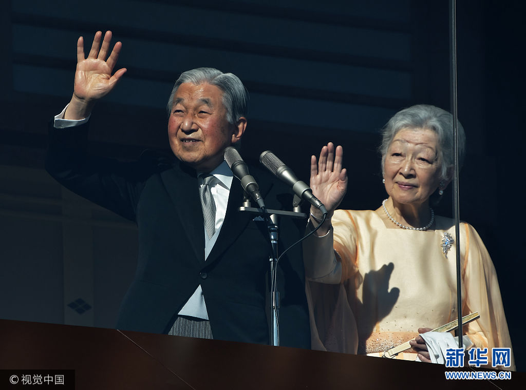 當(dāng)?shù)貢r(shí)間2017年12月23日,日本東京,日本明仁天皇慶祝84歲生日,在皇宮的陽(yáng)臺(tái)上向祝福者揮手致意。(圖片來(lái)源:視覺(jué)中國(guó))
* * *
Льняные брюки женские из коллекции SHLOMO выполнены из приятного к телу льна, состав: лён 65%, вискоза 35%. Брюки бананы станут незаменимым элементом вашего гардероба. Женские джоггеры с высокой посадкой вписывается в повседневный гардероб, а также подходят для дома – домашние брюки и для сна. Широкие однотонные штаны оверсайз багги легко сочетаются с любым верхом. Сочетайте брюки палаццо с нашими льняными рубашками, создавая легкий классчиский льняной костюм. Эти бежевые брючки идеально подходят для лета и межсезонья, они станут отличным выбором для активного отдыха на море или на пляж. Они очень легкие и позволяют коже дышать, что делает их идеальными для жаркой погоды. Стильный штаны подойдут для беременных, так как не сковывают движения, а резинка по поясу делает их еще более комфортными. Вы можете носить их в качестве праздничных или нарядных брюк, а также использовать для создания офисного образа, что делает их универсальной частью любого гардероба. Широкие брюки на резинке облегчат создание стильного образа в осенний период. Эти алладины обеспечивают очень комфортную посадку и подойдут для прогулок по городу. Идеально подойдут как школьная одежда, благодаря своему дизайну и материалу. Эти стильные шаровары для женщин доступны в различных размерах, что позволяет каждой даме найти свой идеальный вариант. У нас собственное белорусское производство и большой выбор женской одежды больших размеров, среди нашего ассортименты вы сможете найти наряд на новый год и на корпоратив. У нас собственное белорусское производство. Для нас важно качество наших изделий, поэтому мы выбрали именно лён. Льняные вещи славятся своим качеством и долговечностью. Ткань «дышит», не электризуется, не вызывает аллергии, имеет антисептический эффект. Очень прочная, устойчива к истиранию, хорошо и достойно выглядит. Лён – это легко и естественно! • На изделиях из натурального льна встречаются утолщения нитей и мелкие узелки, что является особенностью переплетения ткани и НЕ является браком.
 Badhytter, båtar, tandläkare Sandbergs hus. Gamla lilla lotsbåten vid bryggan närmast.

▶ _Work order_: Above are the lines; repeat exactly the ones from the line containing "Льняные брюки женские" down to the line containing "Badhytter, båtar, tandläkare", both inclusive.

▶ _Task response_:
Льняные брюки женские из коллекции SHLOMO выполнены из приятного к телу льна, состав: лён 65%, вискоза 35%. Брюки бананы станут незаменимым элементом вашего гардероба. Женские джоггеры с высокой посадкой вписывается в повседневный гардероб, а также подходят для дома – домашние брюки и для сна. Широкие однотонные штаны оверсайз багги легко сочетаются с любым верхом. Сочетайте брюки палаццо с нашими льняными рубашками, создавая легкий классчиский льняной костюм. Эти бежевые брючки идеально подходят для лета и межсезонья, они станут отличным выбором для активного отдыха на море или на пляж. Они очень легкие и позволяют коже дышать, что делает их идеальными для жаркой погоды. Стильный штаны подойдут для беременных, так как не сковывают движения, а резинка по поясу делает их еще более комфортными. Вы можете носить их в качестве праздничных или нарядных брюк, а также использовать для создания офисного образа, что делает их универсальной частью любого гардероба. Широкие брюки на резинке облегчат создание стильного образа в осенний период. Эти алладины обеспечивают очень комфортную посадку и подойдут для прогулок по городу. Идеально подойдут как школьная одежда, благодаря своему дизайну и материалу. Эти стильные шаровары для женщин доступны в различных размерах, что позволяет каждой даме найти свой идеальный вариант. У нас собственное белорусское производство и большой выбор женской одежды больших размеров, среди нашего ассортименты вы сможете найти наряд на новый год и на корпоратив. У нас собственное белорусское производство. Для нас важно качество наших изделий, поэтому мы выбрали именно лён. Льняные вещи славятся своим качеством и долговечностью. Ткань «дышит», не электризуется, не вызывает аллергии, имеет антисептический эффект. Очень прочная, устойчива к истиранию, хорошо и достойно выглядит. Лён – это легко и естественно! • На изделиях из натурального льна встречаются утолщения нитей и мелкие узелки, что является особенностью переплетения ткани и НЕ является браком.
 Badhytter, båtar, tandläkare Sandbergs hus. Gamla lilla lotsbåten vid bryggan närmast.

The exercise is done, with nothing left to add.